Ultimo dia do ano. Feliz 2016

Ultimo dia do ano. 2015 foi um ano difícil. Muitas perdas, todas difíceis, muita tensão no trabalho. Muito trabalho. Mas quando fazemos o balanço final, verificamos que ele foi positivo. Afinal não podemos fazer as avaliações sem considerar todas as variáveis possíveis, ainda que reconheça que sempre nos faltará alguma. Estamos na luta. Luta por um mundo mais justo, luta por equidade nas relações de gênero, luta por um Brasil onde o nosso povo tenha cada vez mais, acesso aos bens produzidos pela nossa sociedade.

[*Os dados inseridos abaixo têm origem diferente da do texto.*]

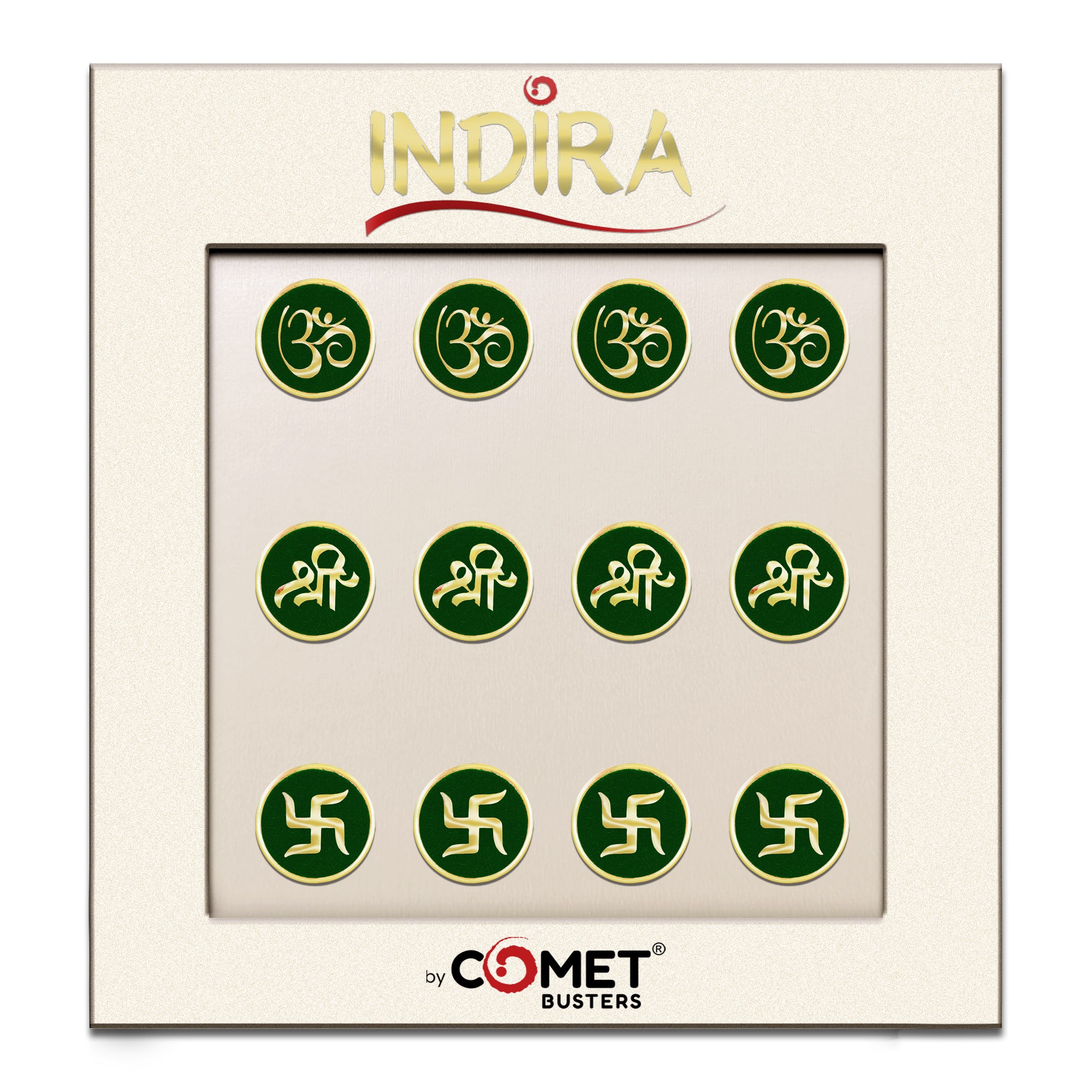 Celebrate devotion and elegance with the Comet Busters® Indira Spiritual Bindis (13mm) — a premium green velvet collection designed to reflect faith with grace.

Tive um ano de grandes desafios, afinal a Maternidade Odete Valadares é uma unidade do SUS com mais de 1000 servidores, com 250 a 300 atendimentos por dia. Mas foi mais fácil que imaginava. Pois pude contar com uma equipe, unida, dedicada, comprometida em colocar o Odete de volta no caminho de uma unidade referencia para atenção a saúde da mulher e do Neonato. E que equipe. Hoje olho para o futuro. Vejo que teremos ainda momentos difíceis, mas lembrando o bom humor que sempre precisa nos acompanhar, é assim mesmo, sem emoção não tem graça nenhuma. Como dizia Guimarães Rosa, o que a vida quer de nós é coragem. E como dizia Gonzaguinha Viver é sempre acreditar que podemos começar de novo, com a fé na vida, fé no homem, e sem medo de ser feliz. Poderemos errar, isso faz parte de ser um eterno aprendiz. Assim quero estar com vocês nos próximos anos. Com muita disposição muita esperança e a certeza de que a nossa luta certamente contribuirá para construção de um mundo mais justo e mais humano. Feliz ano de 2016 para todos e todas.

domingo, 2 de agosto de 2015

Cheguei aos sessenta.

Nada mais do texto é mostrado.